2. Ascertaining the differences between the prior art and the claims at issue.
3. Resolving the level of ordinary skill in the pertinent art.
4. Considering objective evidence present in the application indicating obviousness or nonobviousness.
This application currently names joint inventors. In considering patentability of the claims the examiner presumes that the subject matter of the various claims was commonly owned as of the effective filing date of the claimed invention(s) absent any evidence to the contrary.  Applicant is advised of the obligation under 37 CFR 1.56 to point out the inventor and effective filing dates of each claim that was not commonly owned as of the effective filing date of the later invention in order for the examiner to consider the applicability of 35 U.S.C. 102(b)(2)(C) for any potential 35 U.S.C. 102(a)(2) prior art against the later invention.

Claims 3-4, and 16-18 are rejected under 35 U.S.C. 103 as being unpatentable over Ravi in view of Malon et al. (US-PGPUB 2014/0236577 A1 hereinafter “Malon”).

As for claim 3-4, Ravi discloses everything claimed as applied above (see claim 1 above). Ravi also discloses machine learning models for processing common and compute-intensive parts of machine learning training or production, i.e., inference, workload (Ravi - Figs.1-5, ¶ [105]-[106]), and encoders such as the projection functions are each encoded as sparse matrices (Ravi - ¶ [15]). However, Ravi is silent about an autoencoder model, and a decoder model; although the use of the autoencoder and decoder is well known in the art as described below in one of many class G06F/704 references.

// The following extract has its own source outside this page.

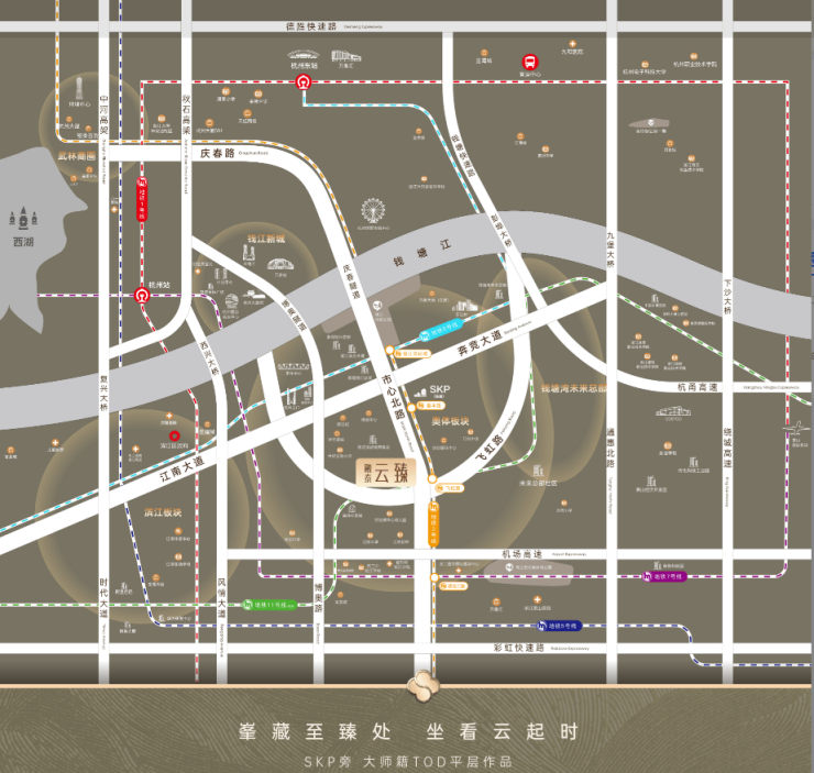融泰云臻(推广名:融泰云臻铭座)位于杭州钱江世纪城奥体板块核芯区(市心北路与飞虹路交汇处)[[1][2],与钱江新城并称“杭州CBD双核”。项目由浙江新世界房地产集团开发,定位为“国际艺术奢居”,总建筑面积约50万㎡,规划仅61席限量房源,主力户型410-420㎡大平层,总价1500万起[[1]。作为地铁2号线飞虹路站上盖TOD,无缝串联SKP商圈(直线900米)、奥体印象城等顶奢配套[[1][3]。
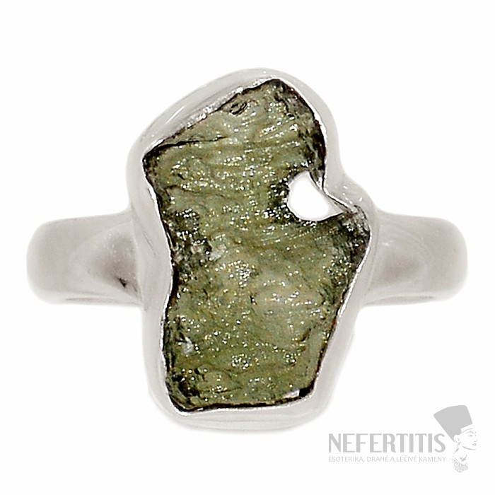 Strieborný prsteň s vltavínom. Ag 925. Vltavín je považovaný za talizman šťastia. Kupujete priamo vyobrazený kus. Veľkosť vltavínu cca 1,3 cm.

In the same field of communication technology, Malon discloses systems and methods for words representation in a neural probabilistic language model (Malon – Fig.1, Original Language Model 12, Figs.2-9, Abstract, ¶ [24]), wherein the system uses a recursive neural network that includes an autoencoder 103 and a decoder 106, trained in combination with each other (Malon – Fig.5, E (autoencoder) 103, D (decoder) 106, Fig.6 depicted an exemplary training process, and Fig.8 depicted an example for the operation of the encoders and decoders, ¶ [31]-[32], [38]), and configured to receive the representation and to generate a reconstructed language input based on the representation (Malon – Figs.1-9, ¶ [31], trained for reconstruction, the reconstructed feature vectors and the originals, and ¶ [41], the decoder D is restored the inputs from the compressed vector), wherein the autoencoder model is trained to maximize a probability of the reconstructed language input matching the language input on a token-by-token basis (Malon – Figs.1-9, ¶ [21]-[23], when applied 
Therefore, it would have been obvious to a person of ordinary skill in the art before the effective filling date of the claimed invention to modify Ravi by providing the above described features, as taught by Malon for the advantages of freedom from explicit rules, types, and exact string matching, as per teachings of Malon.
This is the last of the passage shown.